Les études qui ont été réalisées sur l’inflammabilité et la combustibilité des espèces en région méditerranéenne (VALETTE, 1974 ; 1990 ; DELABRAZE, 1974 ; …) ont montré que ces dernières (inflammabilité et combustibilité) pouvaient varier considérablement d’une espèce à une autre et chaque espèce possède une note d’inflammabilité et une note de combustibilité qui lui sont propres, selon la saison ou le mois. « La combustibilité caractérise plutôt une

formation végétale entière avec les différentes strates qui la composent » (ALEXANDRIAN

et al., 1992). D’ailleurs, la combustibilité est corrélée à la composition et à la quantité de biomasse combustible (volume ou structure du peuplement) (DAGORNE, DUCHE, CASTEX et OTTAVI, 1994).

L’inflammabilité considérée ici est la possibilité de démarrer un incendie et la combustibilité c’est la possibilité de le diffuser (PAUSAS et al., 2005). Cette dernière est liée à la structure des plantes et aux caractéristiques de leurs tissus (BEHM et al., 2004 in PAUSAS et al., 2005).
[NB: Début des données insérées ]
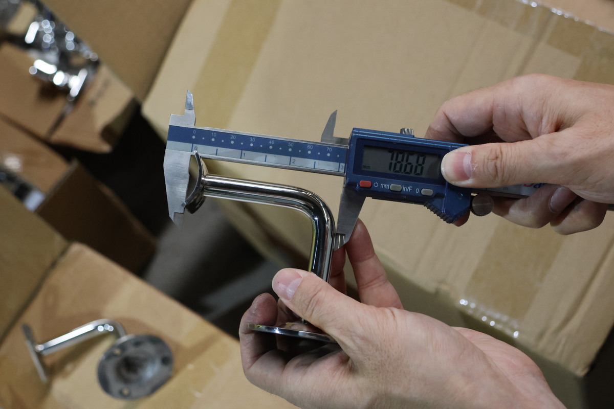 Благодаря оптимально подобранному выносу, пристенный поручень достаточно удален от поверхности стены, чтобы не задевать скользящей вдоль трубы поручня рукой идущего по лестнице человека. Но при этом поручень располагается близко к стене, дабы не сужать свободное пространство полезной ширины лестничного марша.
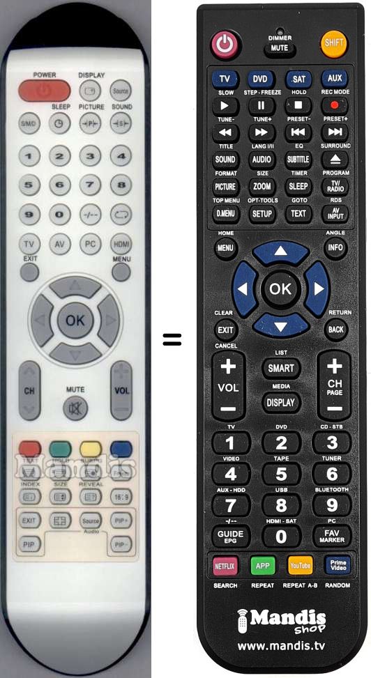 Remote control to replace the original and all its functions.
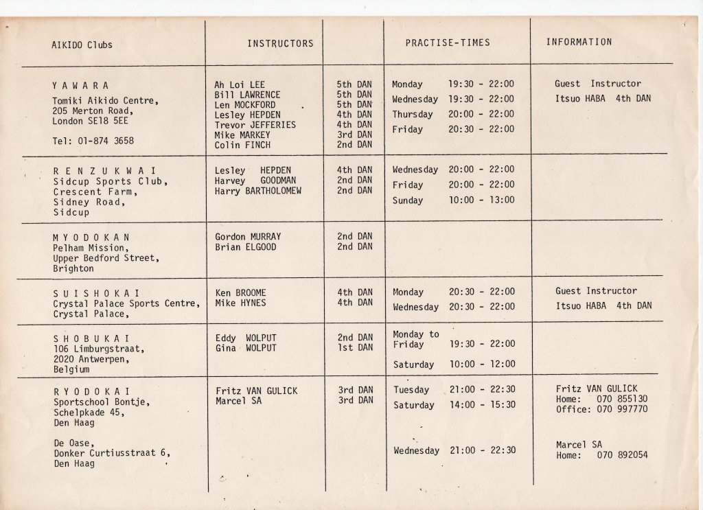 Geregeld kwam Itsuo Haba naar Belgie om de fijnere punten van het Toiki Aikido te doceren. Geregeld gingen we dan ook een introduktie doen in andere Belgische clubs en verenigingen.
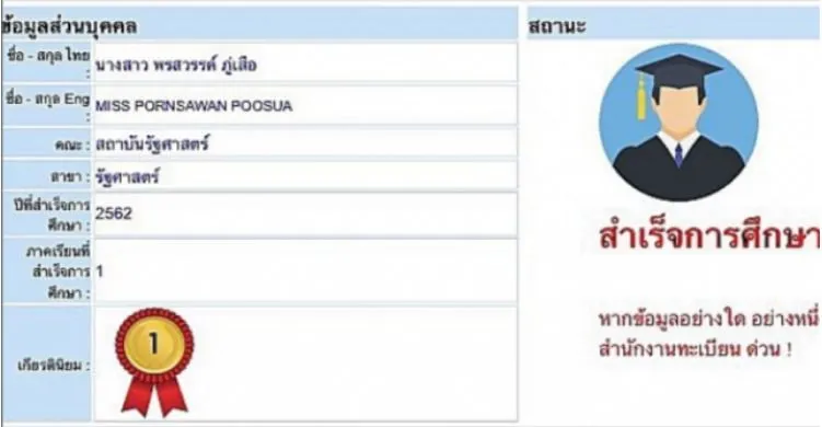 และโดยล่าสุด สาวเอื้อยได้โพสต์รูปความสำเร็จอีกอย่างหนึ่งคือภาพสำเร็จการศึกษา พร้อมข้อความว่า เกียรตินิยมอันดับ1 ที่รอคอย จบแล้วนะคะ 3ปีครึ่ง หายเหนื่อยเลย ต่อไปได้เวลาทำงานจริงจังแล้ว ทำในสิ่งที่เรารักดีกว่าเย้
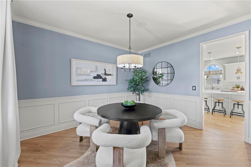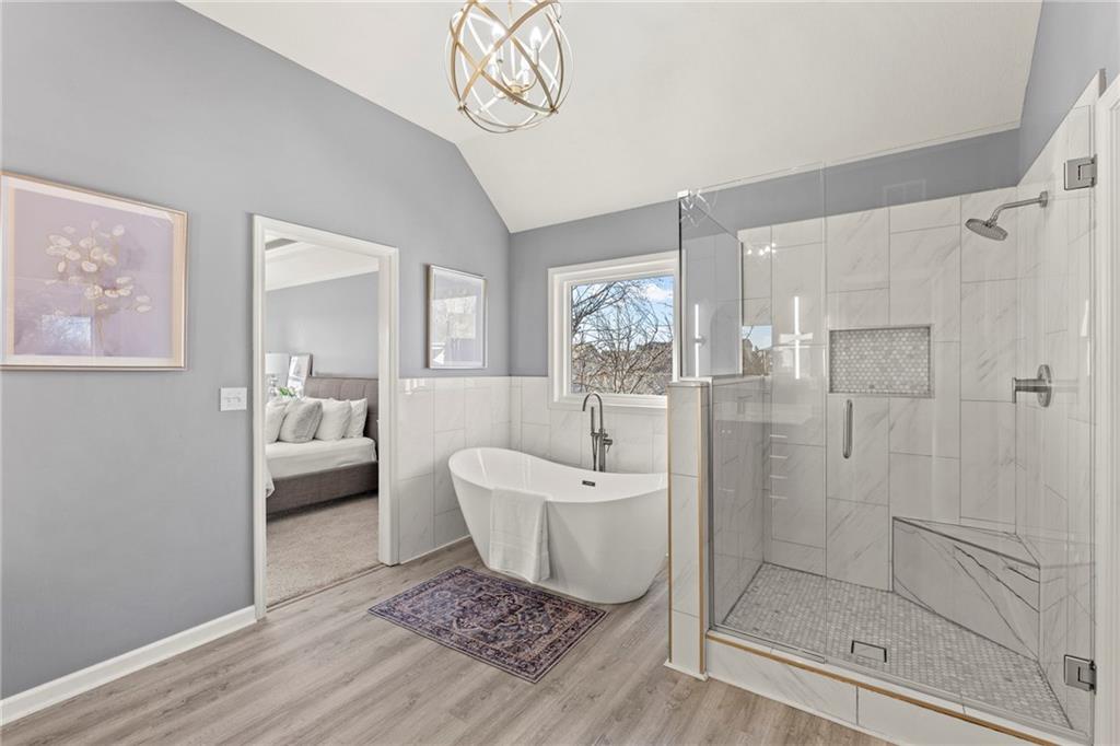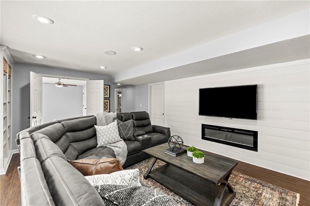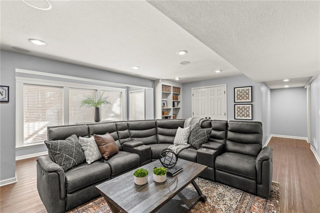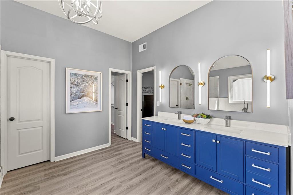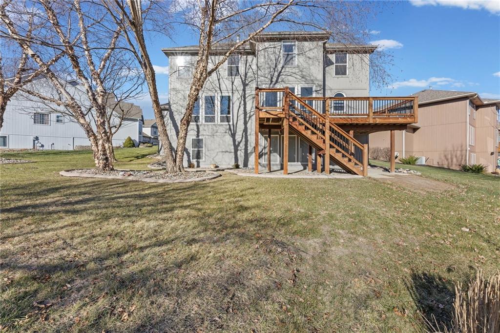 This magnificent custom home offers five bedrooms and a walk-out basement, showcasing sophisticated design and functionality. Updates including a new roof, windows, fixtures, and deck have enhanced the property's allure. The main floor features natural finish hardwood flooring throughout, a formal dining area, a large living room, and a hearth area that opens into a spacious kitchen. The kitchen is equipped with a pantry, a large island, black stainless steel appliances, and generous counter space. Upstairs, the layout includes an expansive primary bedroom, three additional bedrooms, and laundry facilities. The primary bedroom adjoins a luxurious en-suite bathroom with a soaking tub, large shower, and a vast 8 x 17 walk-in closet. The basement includes a kitchenette with a mini fridge, living area, a fifth bedroom, and a spacious full bathroom, making this property ideal.

La sensibilité des forêts méditerranéennes au feu dépend des essences qui les composent. Ces essences sont en majorité des chênes et des pins. « Il apparaît que les aiguilles de pin d'Alep

sont globalement fortement inflammables au même titre que les feuilles des chênes méditerranéens » (ALEXANDRIAN et al., 1992).

Selon BOUDY (1955), les forêts de Chêne-liège sont les plus sensibles au feu. Les strates herbacée et arbustive (Erica arborea, Arbutus unedo,…) constituent le relais idéal qui permet au feu d’atteindre les arbres de Chêne-liège.

3.3.3 Relation propagation-relief

Le relief escarpé de la région de Kabylie, constitue l’une des facilités dont bénéficie le feu pendant son évolution. Les feux qui parcourent plusieurs dizaines d’hectares en ces milieux, sont souvent aidés par le vent et la raideur des pentes topographiques. Le feu gagne en puissance lorsqu’il parcourt un terrain pentu, il brûle intensément la matière ligneuse.

85

Nous avons remarqué dans plusieurs endroits, notamment au niveau de la forêt d’Abberane et à la forêt de Mizrana, que le relief non accidenté où les terrains sont plus ou moins plats et fortement peuplés par le Chêne-liège, présentent moins de séquelles que les terrains pentus contenant la même formation végétale avec la même densité après le passage du feu.